Reviewing Blinkx’s statements to investors, I was struck by the opacity. How exactly does Blinkx make money? How much comes from the legacy Zango and AdOn businesses that consumers and advertisers pointedly disfavor? Why are so many of Blinkx’s metrics out of line with competitors? The investor statements raise many questions but offer few answers. I submit that Blinkx is carefully withholding this information because the company has much to hide. If I traded in the companies I write about (I don’t!), I’d be short Blinkx.

This article draws in part on research I prepared for a client that sought to know more about Blinkx’s historic and current practices.
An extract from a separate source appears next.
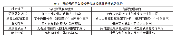 智能管理平台依托大数据与人工智能技术,可深度剖析师生资源使用习惯和需求,有效提升资源服务效率与质量,显著降低师生查找资源的时间成本。表1清晰地展现了智能管理平台相较于传统资源服务模式的优势。在搭建该平台时,中学图书馆需要分步骤有序推进。
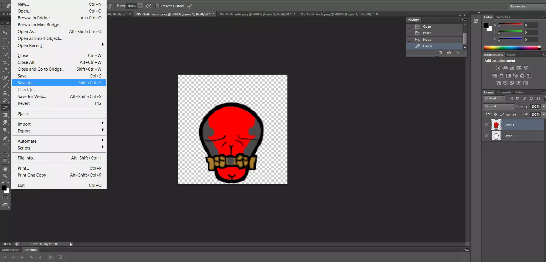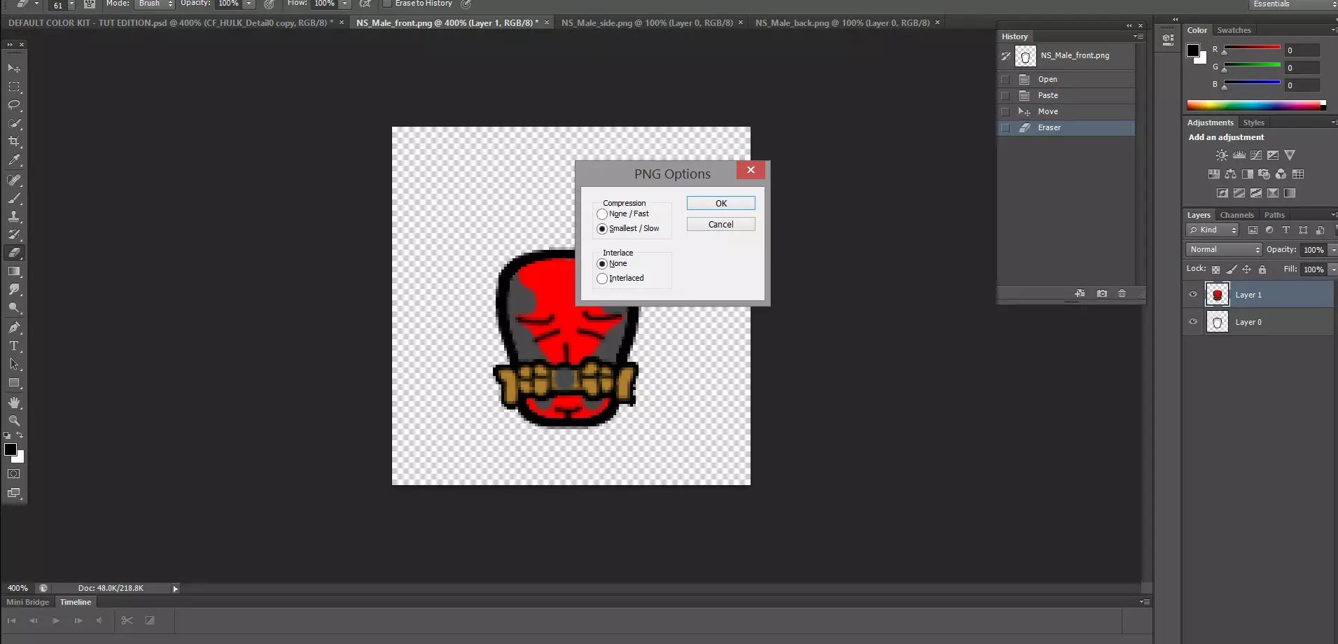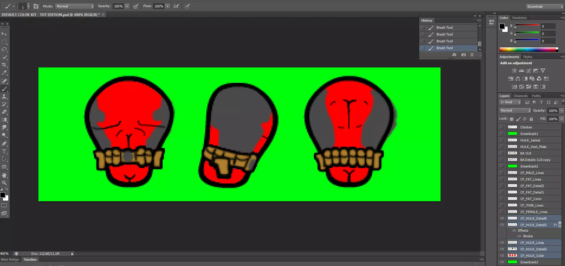 好了,我们已经完成了这个绿巨人身体类型的制作,现在是时候撤销之前的合并操作,以便为其他身体类型恢复所有图层了。

At my request, the client agreed to let me include portions of that research in this publicly-available posting. My work for that client yielded a portion of the research presented in this article, though I also conducted significant additional research and drew on prior work dating back to 2004. My agreement with the client did not oblige me to circulate my findings as an article or in any other way; to my knowledge, the client’s primary interest was in learning more about Blinkx ‘s business, not in assuring that I tell others. By agreement with the client, I am not permitted to reveal its name, but I can indicate that the client is two US investment firms and that I performed the research during December 2013 to January 2014. The client tells me that it did not change its position on Blinkx after reading my article. (Disclosure updated and expanded on February 4-5, 2014.)

I thank Eric Howes, Principal Lab Researcher at ThreatTrack Security, and Matthew Mesa, Threat Researcher at ThreatTrack Security, for insight on current Blinkx installations.